Fargener alias sololeum

Geoff said...

Thanks Fargener.

It's certainly not something that can be achieved if we expect to keep living our high consumption lifestyles, and one way or another those lifestyles are going to come to an end.

The only choice we seem to have is whether we cut back voluntarily or are forced by circumstances to do so. Fingers crossed that enough of us choose to make the change.

The folks at Sara River seem to be doing a great job, love their site and would love one of those Listeroids :-)

Anonymous said...

Geoff you've done a marvelous job at Flood St.
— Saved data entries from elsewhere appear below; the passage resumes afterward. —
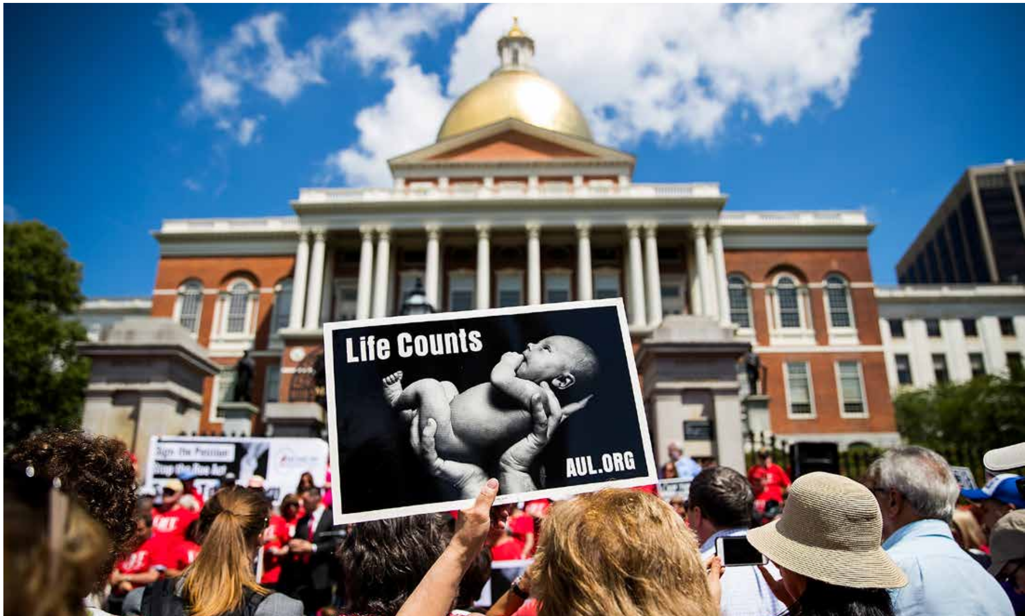
Supporters of Massachusetts Citizens for Life hold during a rally outside the Massachusetts Statehouse in Boston, on June 17, 2019.
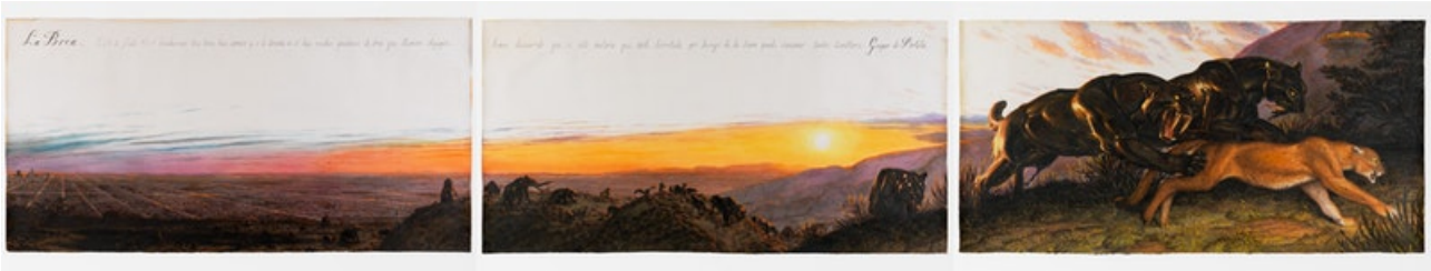
Walton Ford, La Brea , 2016. Watercolor, gouache and ink on paper. 60 1/2 x 119 1/2 inches 153.7 x 303.5 cm (unframed) © Walton Ford.
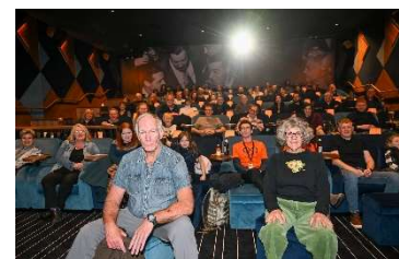
Screening at Belfast Film Festival
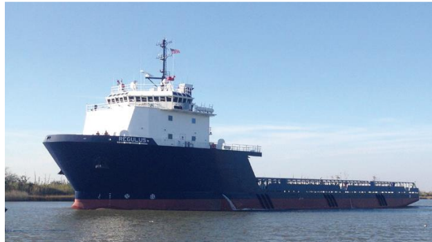
PSV Regulus – 272 ft LOA; Call Sign: WDG8927; MMSI: 366987000
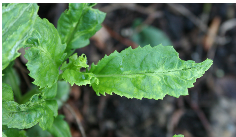
Figure 6. Twisted, chlorotic leaf of Veronica caused by CMV.
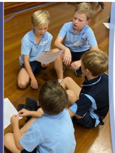
Kindness & Courtesy
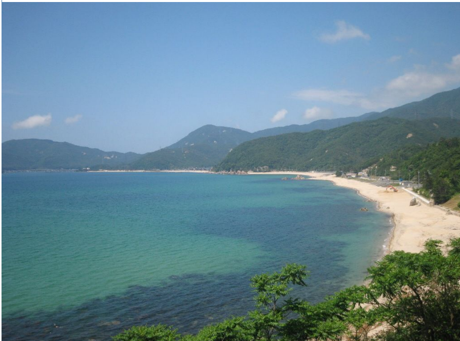
Suishohama, as viewed from Bentenzaki ①

A walk along this glittering stretch of shoreline leaves one confident that the town's name, which means "beautiful shore," is by no means undeserved.
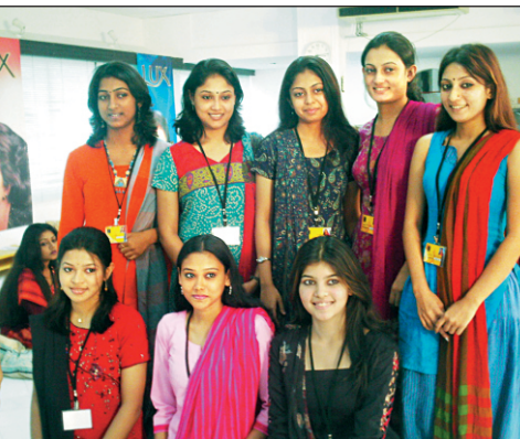
Lux Channel-i Superstar On Channel i at 09:35pm Grooming session of the talent hunt
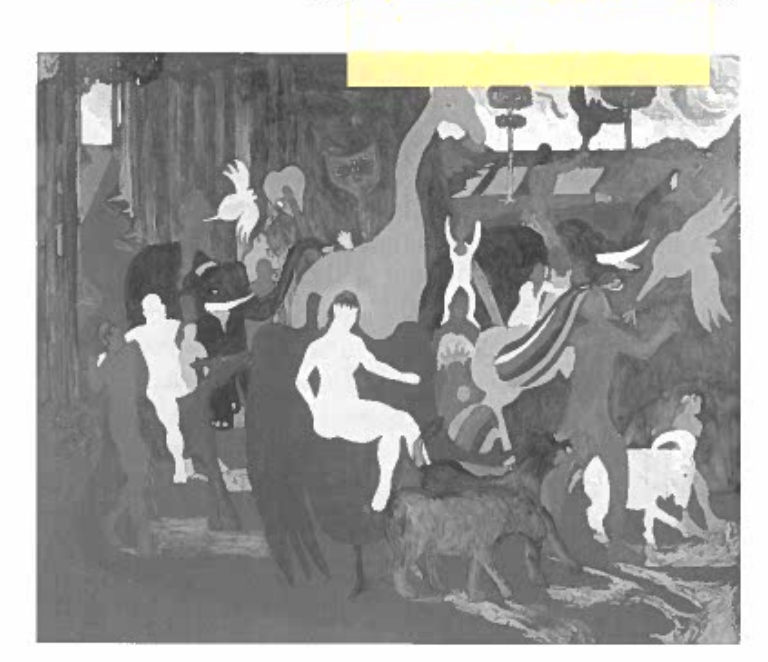
Figure 3.3 Bob Thompson, Triumph of Bacchus , 1964

The dust jacket of this book shows a painting by Bob Thompson (figure 3.3), an American artist from the 1960s who liked to paint scenes containing human forms in classical poses, but filled with monochromatic splashes of color instead of normal features. Colors would be repeated, so that two of the figures might be filled with the same bold yellow, while three others were filled with red. If a robot looked at this painting, it would see not just colors, but colors with a particular shape. If asked to comment on how it knew that shapes A and C were yellow whereas shapes B and D were red, it can only answer that shapes A and C are filled
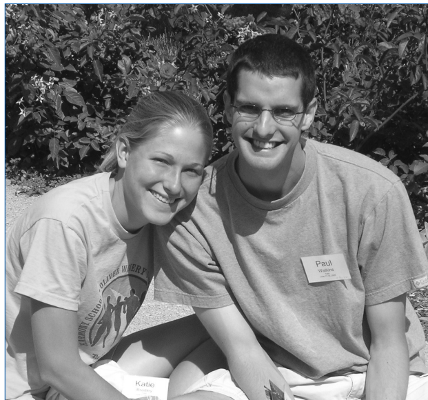
Engaged couple on Tobit Weekend
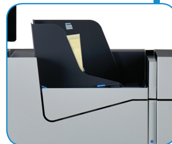
Thin Booklet Feeder
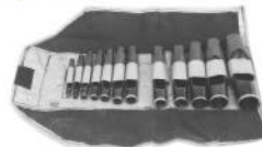
Code No. 708 BELT PUNCH KIT
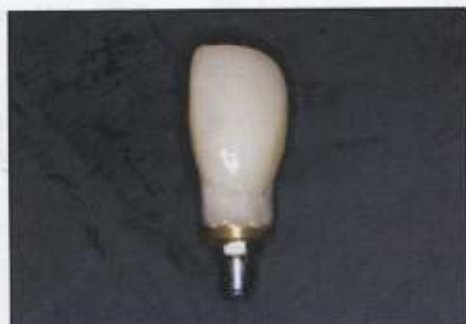
Figure 11. Material was added to the neck of the abutment, which was adjusted until the desired contours were achieved.

second-stage surgery was completed, the patient presented for the final implant-supported restoration of teeth #7 and #10.

You're larger site should be a joy to behold!! Go for it!! You probably should put a link to the "for sale" on SPO I think there may be one or two interested parties there.

I think Jay Hanson ww.warsocialism.com is right - if we don't change our political system - we will get more of the same. We will spend ourselves into bankruptcy and still not address our energy needs, nor a lifestyle suitable for life on this little orb!!

Kim & Maureen have a 3hp Listeroid model on a genset - it goes really well! BTW their cob house still is costing under $2500 - and is a great place to sit and chew the fat!

Fardener

Geoff said...

Thanks! There's still a bit to be done to ensure a comfortable lifestyle here post-PO, but we'll be leaving that as an exercise to the next folks. We're willing to step back further if it hits hard before we're finished all the projects! Plenty of time for such projects when the cars stop running and the server farms stop humming ;-)

Realistically I don't think we're going to be able to change political thinking until after the event. John Michael Greer mentioned this recently at the Archdruid Report:

Until the "mind-forg'd manacles" of dysfunctional thinking are unlocked and tossed aside, constructive plans for the world after peak oil on anything past an individual level are wasted effort, since they will not be implemented by societies that cannot grasp the need for them.

From Arguments from Ignorance

If they wont change it means they'll do everything in their power to spend up big to try to "solve" the problem, propelling us along the downslope that much more swiftly. I think we need to plan on them not planning!

The first time I read of the listeroids was when they were discussing their setup on ALS. We're going to go a similar route ourselves, might even end up buying one from them. I'm very envious of their cob house, didn't realise it was so economical. They milled the wood themselves as well, didn't they?